A few minutes later he had me on the phone to the Boston psychopharmacologist who just the previous year, I later learned, had saved Bernie from a Halcion-induced breakdown very much like mine. The doctor asked me first how I was feeling; when I told him, he, in turn, told me what I was taking to make me feel that way. I refused at first to accept that all this pain stemmed simply from a sleeping pill and insisted that he, like Bernie, was failing to understand the ghastliness of what I was going through. Eventually, with my permission, he telephoned my local doctor and, under their joint supervision, I began that night to come off the drug, a process that I wouldn’t care to repeat a second time and that I didn’t think I’d live through the first. “Sometimes,” the Dutch psychiatrist, Dr. C. van der Kroef, had written in The Lancet, “there are withdrawal symptoms, such as rapidly mounting panic and heavy sweating.” My withdrawal symptoms were unremitting for seventy-two hours.
Elsewhere, enumerating the cases of Halcion madness that he had observed in the Netherlands, Dr. van der Kroef remarked, “Without exception, the patients themselves described this period as hell.”
For the next four weeks, feelings of extreme vulnerability, though no longer quite disemboweling me, still chaperoned me everywhere, especially as I was virtually unable to sleep and so was bleary with exhaustion throughout the day and then, during the insomniac, Halcionless nights, weighed down by the leaden thought of how I had disgraced myself before Claire and my brother and those friends who had drawn close to us during my hundred miserable days. I was abashed, and a good thing it was, too, since mortification seemed to me as promising a sign as any of the return of the person I formerly had been, more concerned, for better or worse, with something as pedestrian as his self-respect than with carnivorous snakes needling through the mud floor of his pond.

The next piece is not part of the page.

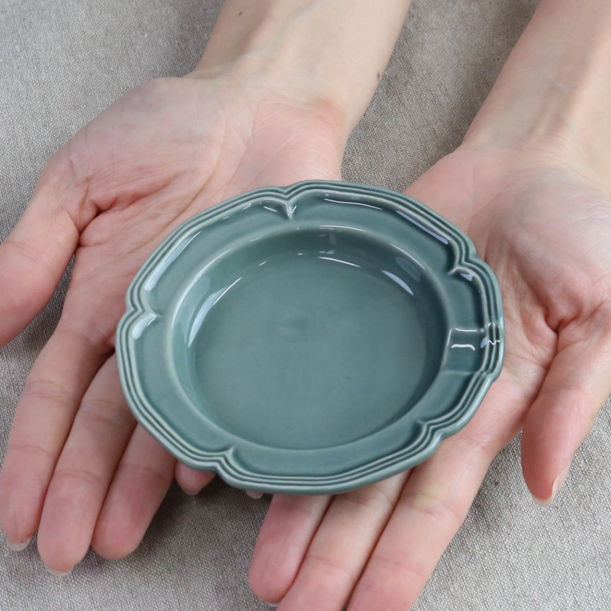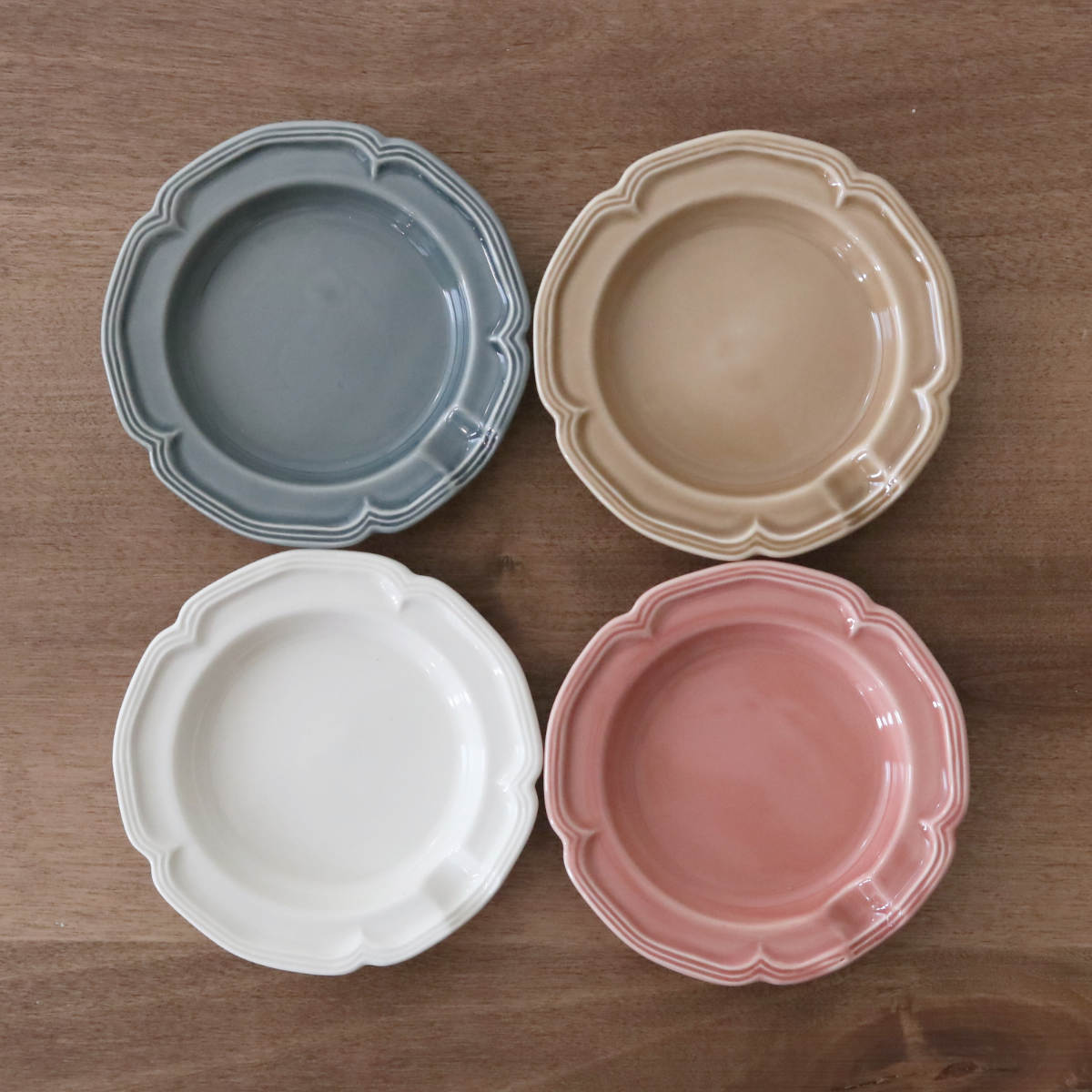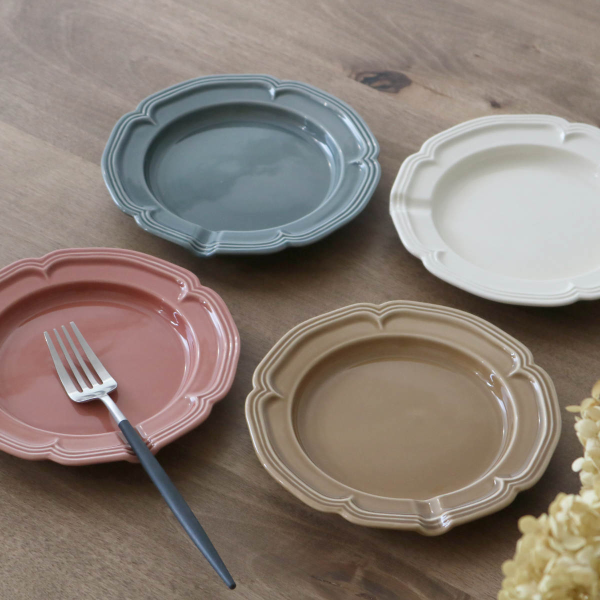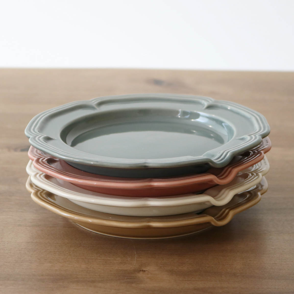 花の形をモチーフにした、やわらかで華やかなデザインが魅力。テーブルに並べるだけで、食卓がパッと明るく、かわいらしい雰囲気になります。日本有数の陶磁器の産地・愛知県瀬戸市で作られた日本製の器です。

But much of the time I didn’t believe it was Halcion that had done me in. Despite the speed with which I recovered my mental, then my emotional equilibrium and looked to be ordering daily life as competently as I ever had before, I privately remained half-convinced that, though the drug perhaps intensified my collapse, it was I who had made the worst happen, after having been derailed by nothing more cataclysmic than a botched knee operation and a siege of protracted physical pain; half-convinced that I owed my transformation — my deformation — not to any pharmaceutical agent but to something concealed, obscured, masked, suppressed, or maybe simply uncreated in me until I was fifty-four but as much me and mine as my prose style, my childhood, or my intestines; half-convinced that whatever else I might imagine myself to be, I was that too and, if the circumstances were trying enough, I could be again, a shamefully dependent, meaninglessly deviant, transparently pitiable, brazenly defective that, deranged as opposed to incisive, diabolical as opposed to reliable, without introspection, without serenity, without any of the ordinary boldness that makes life feel like such a great thing — a frenzied, maniacal, repulsive, anguished, odious, hallucinatory that whose existence is one long tremor.